An executive of Microsoft in France divulged on Wednesday some of the software maker's plans for its highly anticipated entry into the antivirus software market.
A standalone antivirus product will be built from tools the company inherited through its 2003 acquisitions of GeCad and Pelican Software, according to a report published in ZDNet France, citing the technical head of Microsoft's security project in that country, Nicolas Mirail.
Microsoft representatives in the United States refused to comment on functional elements or a potential production time frame for the antivirus package.

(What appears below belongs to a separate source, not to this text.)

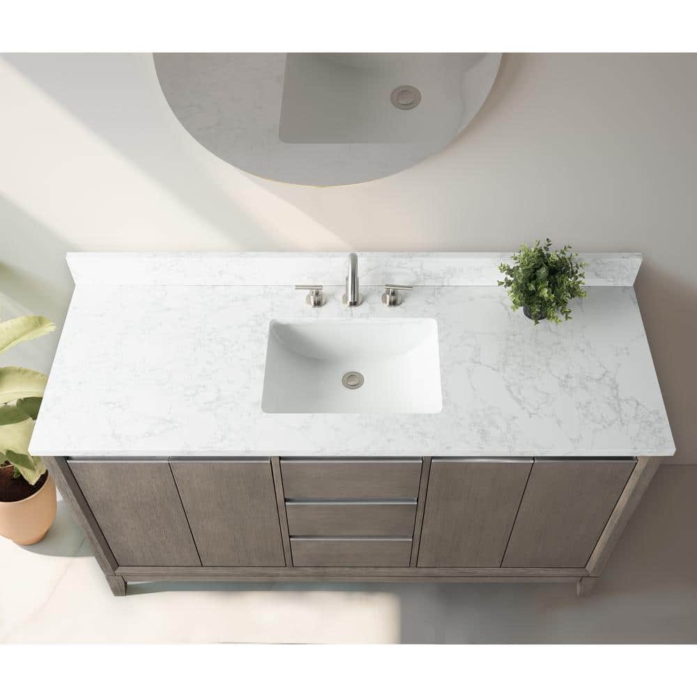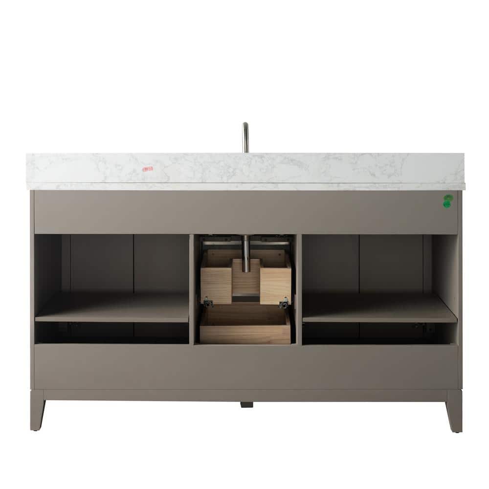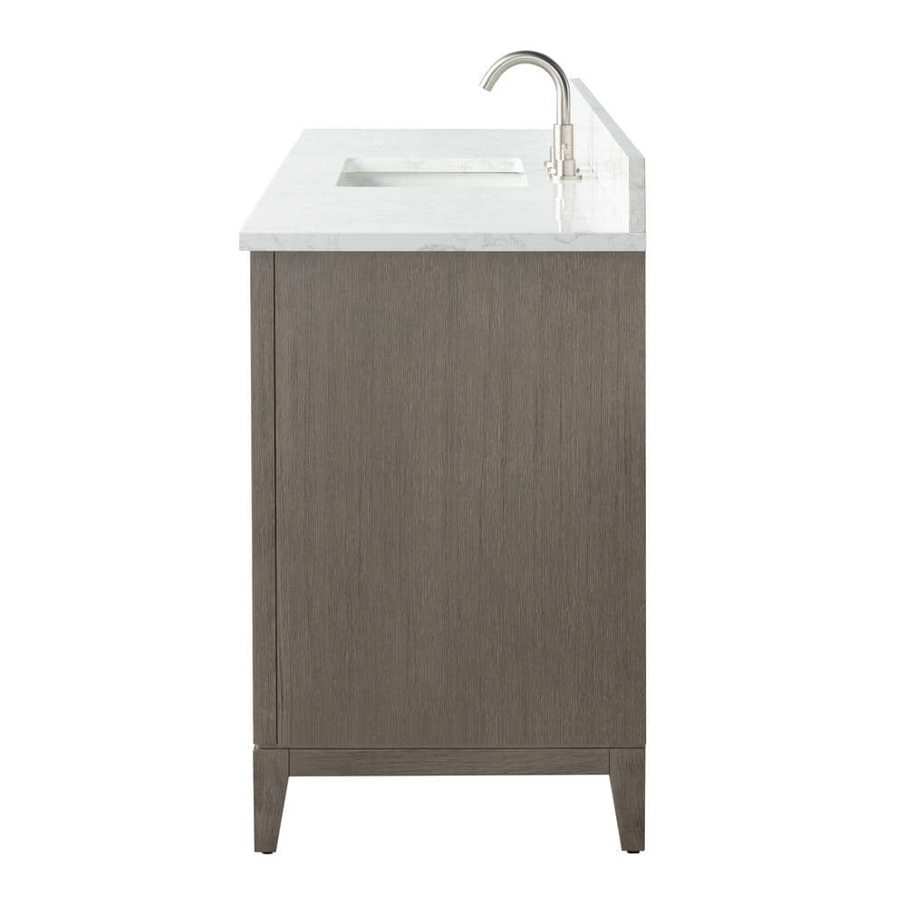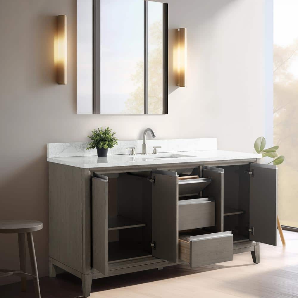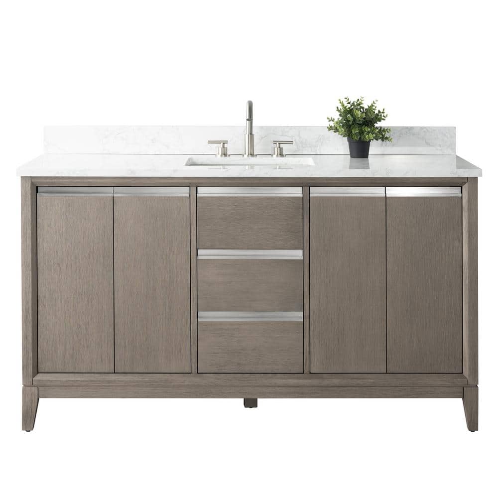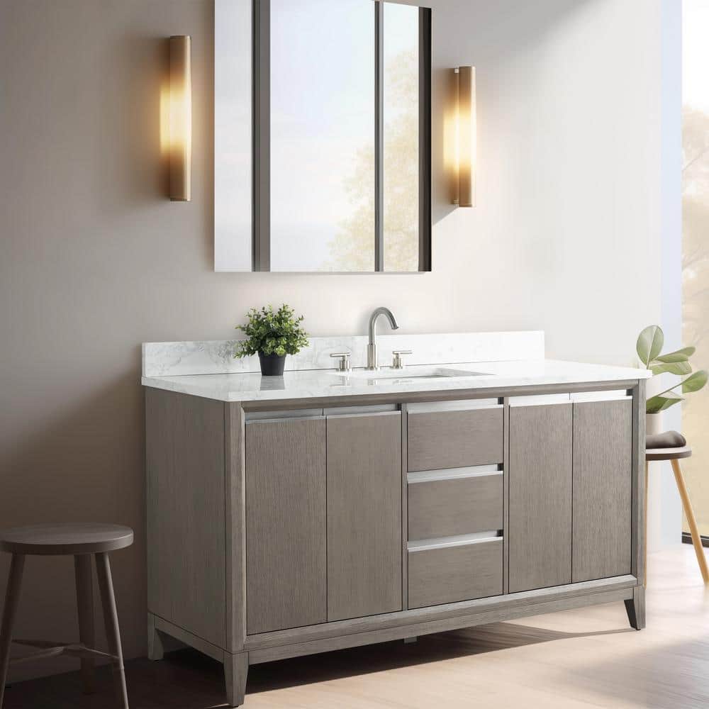The Vanity Art 60-inch Single Sink Bathroom Vanity combines timeless elegance and modern functionality with its Driftwood Gray finish and pristine engineered marble top. Ideal for a stylish bathroom makeover, this vanity offers ample storage with its well-designed drawers and adjustable shelves, ensuring an organized space without compromising on aesthetics.

However, Mirail said the Microsoft antivirus software will utilize two different means of detecting destructive files, the first of which will reference a regularly updated list of known viruses to check for potential infections. The second antivirus tool will analyze computer systems to assess whether they have been hit by a virus in the past and attempt to give end users an idea of how at risk their computers might be for future problems.
The executive indicated that the antivirus package will not come with firewall security software but said a firewall would be built into the company's Windows XP operating system when Microsoft delivers its Service Pack 2 update. Mirail said the product would work with both Windows XP and the Longhorn release of Windows.

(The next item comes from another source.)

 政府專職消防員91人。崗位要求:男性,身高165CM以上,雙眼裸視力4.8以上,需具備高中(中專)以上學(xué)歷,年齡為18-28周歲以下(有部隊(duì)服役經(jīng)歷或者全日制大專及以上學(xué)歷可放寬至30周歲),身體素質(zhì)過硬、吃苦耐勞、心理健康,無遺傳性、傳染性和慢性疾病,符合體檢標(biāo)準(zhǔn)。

Microsoft representatives denied that Mirail's comments released previously unknown details, but the company has offered little information publicly about its antivirus plans. Microsoft has been rumored to be seeking a high-profile acquisition in that arena, and security specialist Network Associates was said to be on the company's radar. Earlier this month, another European security executive at Microsoft said the company's antivirus plans remain in their early stages, including the integration of the products it has amassed via acquisition.

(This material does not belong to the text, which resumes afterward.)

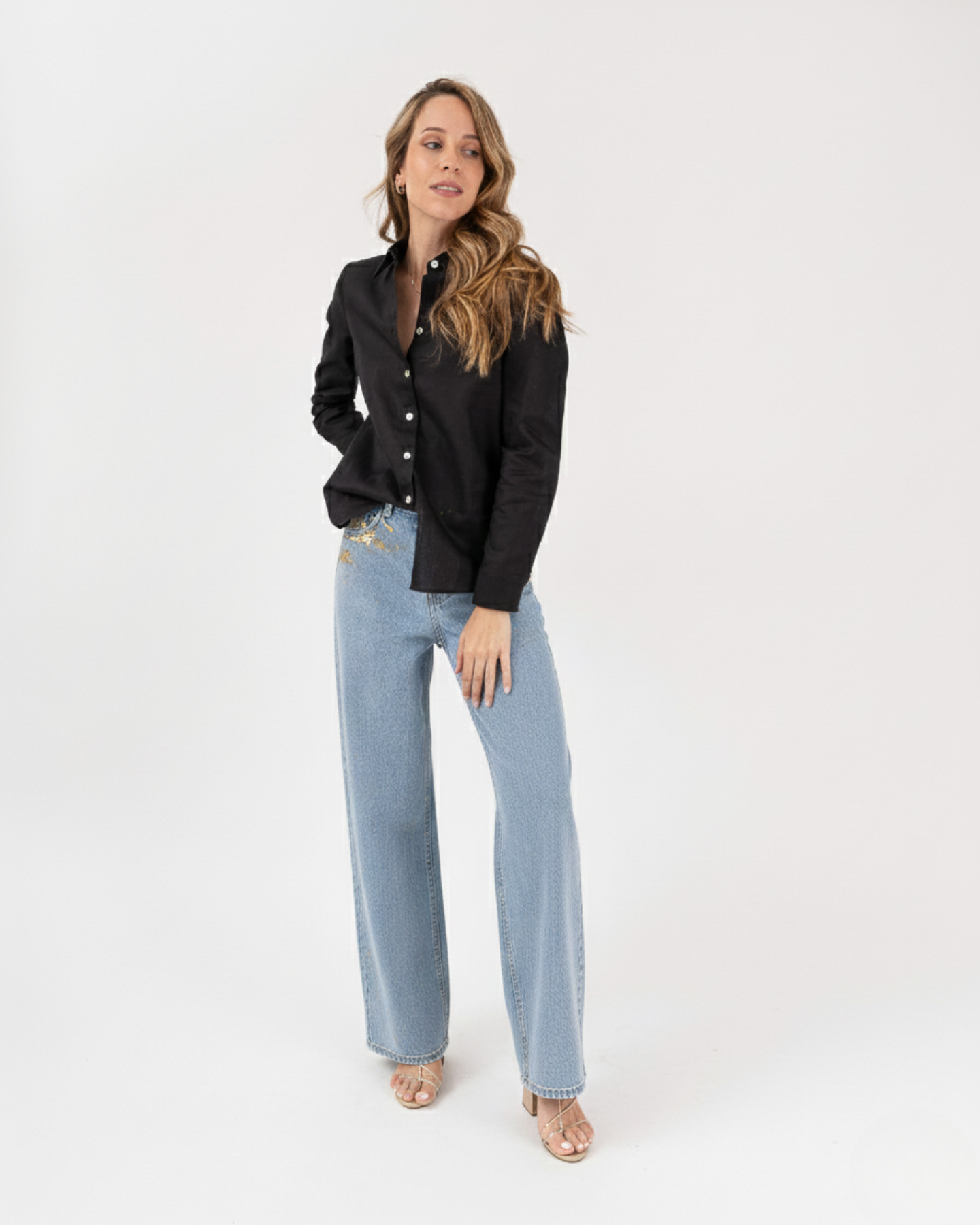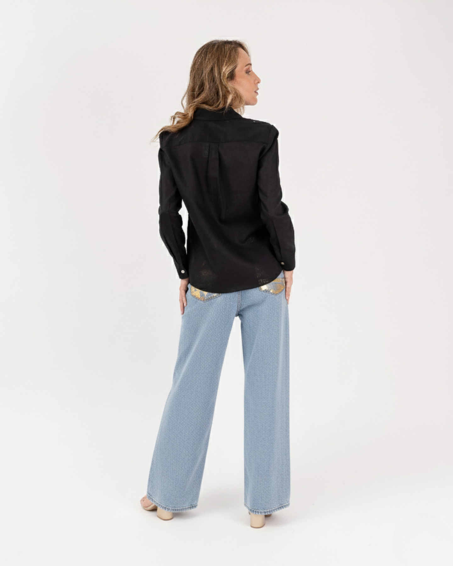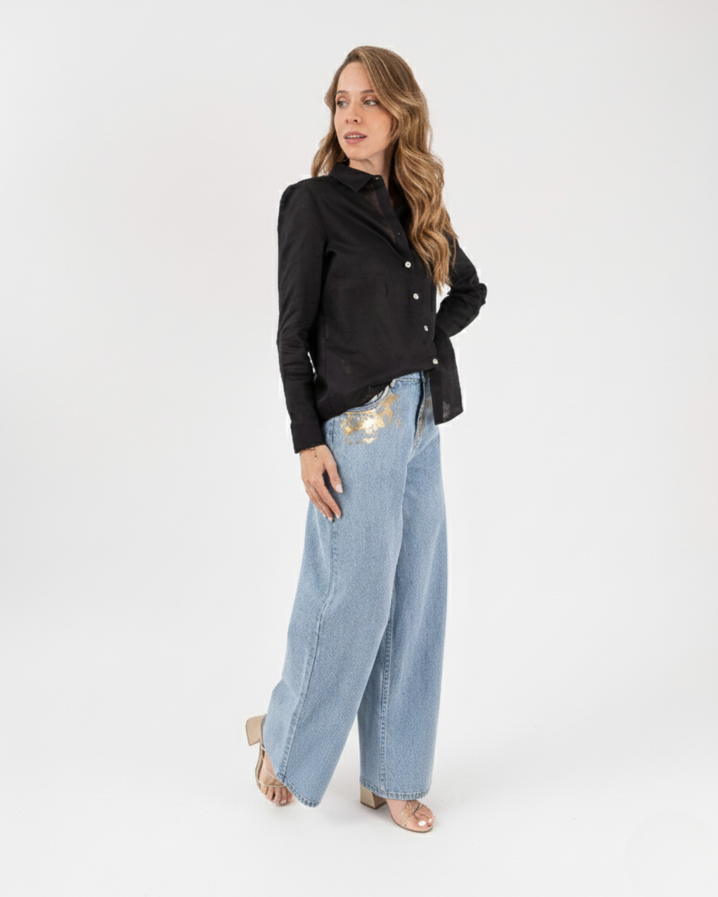 Blusa cuello camisero manga larga con puños, cierre frontal delantero con botones funcionales.

When Microsoft purchased GeCad, which is based in Bucharest, Romania, it positioned the acquisition as the next step in its Trustworthy Computing initiative, a move aimed at securing what Microsoft estimates are the nearly two-thirds of Windows users who don't have up-to-date antivirus software on their computers. The company said at that time that it might launch a paid-subscription service for Windows users.
The latest virus to wreak havoc on the Internet was MyDoom.M, a new variant of the prolific worm, which came to life Monday and quickly snarled Google and other search sites. Though the latest version of MyDoom did not target Microsoft products specifically, as many other viruses have, it hosted an ancillary, or "backdoor," infection programmed to launch a denial-of-service attack on the software maker's Web site.